YourAquaTurtle · 02/07/2025 09:45

That sounds incredibly tough, I really feel for you. My DD is 14 and we’ve had a smaller-scale version of some of what you describe: withdrawal, big mood shifts, refusing help when offered. It’s such a helpless feeling watching them spiral and pushing you away at the same time.
It sounds like you’ve done so much already and you're clearly still trying every day. Sometimes they just can't meet us halfway, even when they desperately need help.
It might be a good idea to think about the role models in her life (maybe another family member or someone else she looks up to) and see whether they can get through to her? Sometimes teens just don't want to listen to their parents, and even though that's so difficult, it's a good idea to try to get someone else involved who could potentially help out. But I really do understand how hard it is.
Also, you've probably looked up lots of resources already, but here's a good article that rounds everything up: https://weareluna.app/parents/guides/mental-health-and-wellbeing/free-mental-health-resources/

THisbackwithavengeance · 02/07/2025 09:46

Would she consider a year out after A levels? Working holiday in Australia?
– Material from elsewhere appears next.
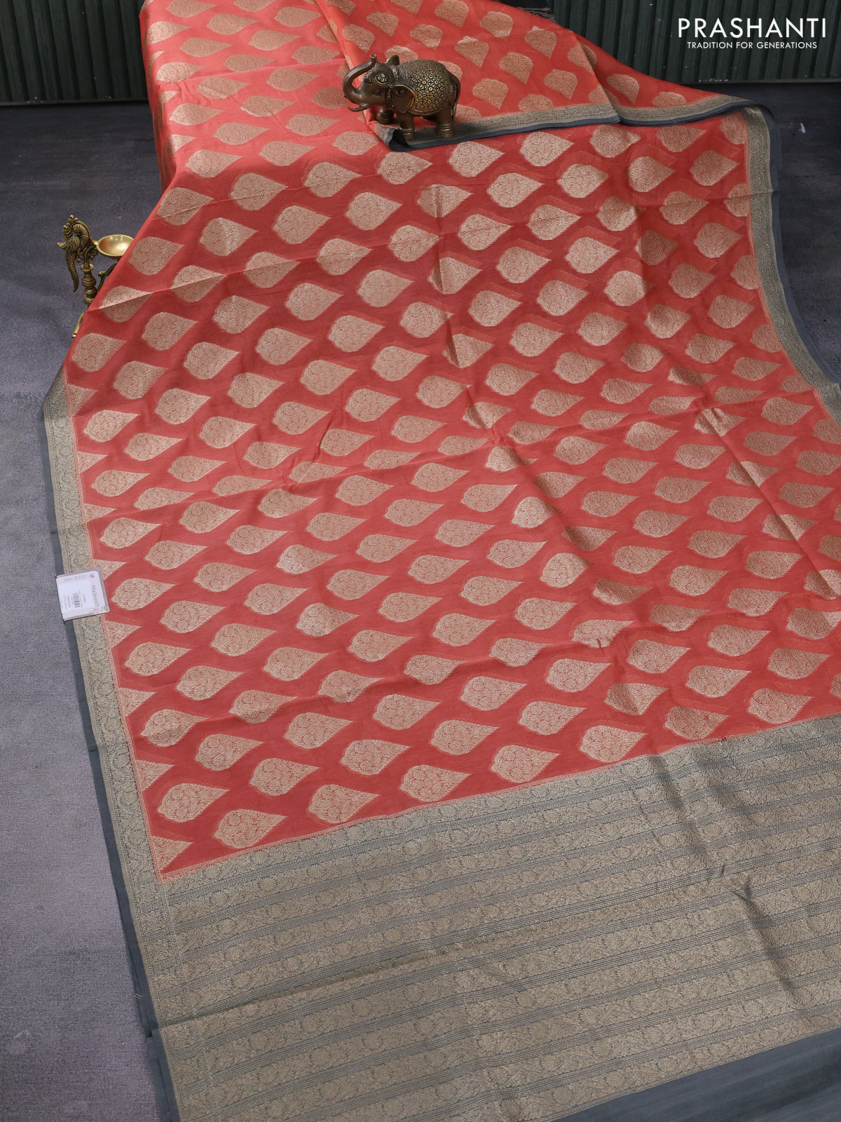 Banarasi silk cotton saree peach orange and grey with woven buttas and woven border
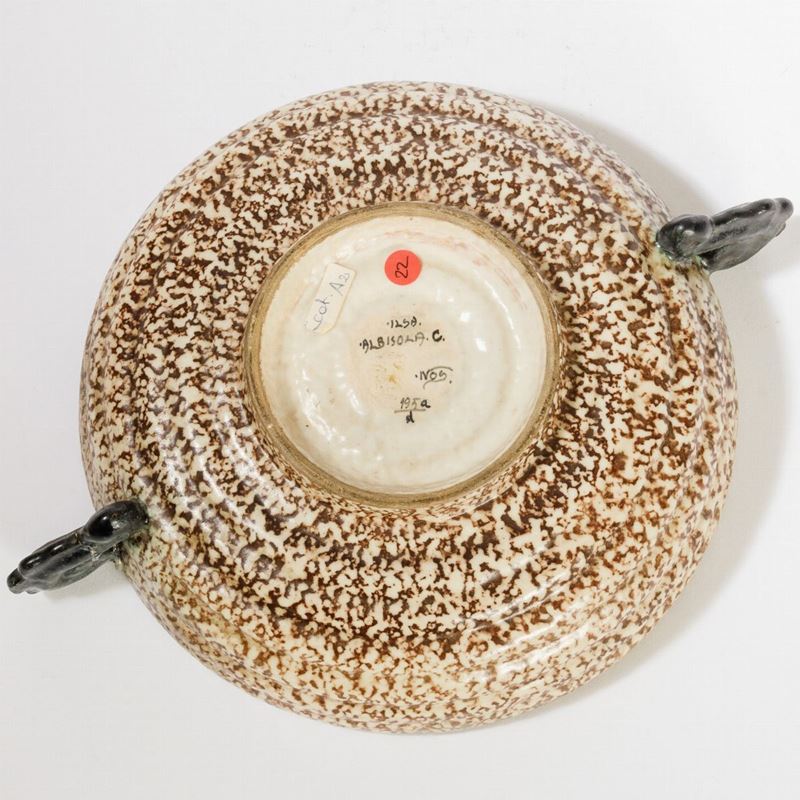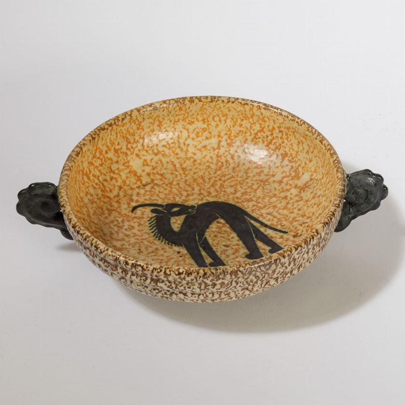 Coppa in ceramica con anse a conchiglia e decoro di antilope sul fondo a smalti policromi.

I remember suffering terribly with depression and inertia as a young woman and was bulimic. But I’m a fully functioning adult (sort of lol)

I think sometimes you just grow out of it.

Violet80 · 02/07/2025 18:30

Op just to say I don’t think you can delete a thread on MN, as you mentioned doing this in case your dd saw anything. I think you have to contact MN and ask for a post to be deleted due to privacy concerns, or report your own post and say the reason is privacy concerns.

I’m sorry to hear your dd has been struggling so much, I really empathise having masked and hit burnout myself several times over the years, it’s a very sounds like you’re doing everything you can to support her without pressuring her. You may find uni is positive for her as a fresh start?

TheGrimSmile · 02/07/2025 19:48

She's probably autistic and has burnt out through masking and the pressure of A levels. I'd second the advice of the PP that said to offer Unconditional Positive Regard; let her try the "crap" uni. She might love it, or she might not. But it's better than her staying in her room.

waterrat · 02/07/2025 20:43

Hi, I have a child who school refused and has high anxiety so I know a lot of girls like this but I have to say -

you need to pick apart the cause and correlation here.

Any adult or child who lies in bed all day watching tv will feel like shit.

That doesn't mean there isn't something else huge going on here or somethign small that has spiralled - but I also think parents of children with high anxiety/ who have withdrawn from life - have to be realistic about the impact of hours and hours of screens/ gaming/ netflix on the brain and body

we are animals! we are meant to move , be social, be active.

So you need to say to her - I can help you ehre but I'm not going to let you rot in bed. The wifi goes off, the netflix is off except for at the end of the day.

look at neurodiversity yes - look at trauma etc but also she needs an understanding that she will feel crap if she carries on refusing to engage in life (or not trying even to do some things)

and. believe me I am speaking from a place of experience as my own daughter went through a similar phase and I do know how hard it is.

waterrat · 02/07/2025 20:45

@Eatingallthebountys I just couldn't disagree more with this. Out of love for a teenager we have to protect them from the impact of addiction to tv/ gaming / scrolling phones.

Yes they should be allowed to relax and do what they like some of the time - but it is absolutely not good for mental or physical health to spend several hours a day in bed watching tv for weeks on end with absolutely no motivation to stop.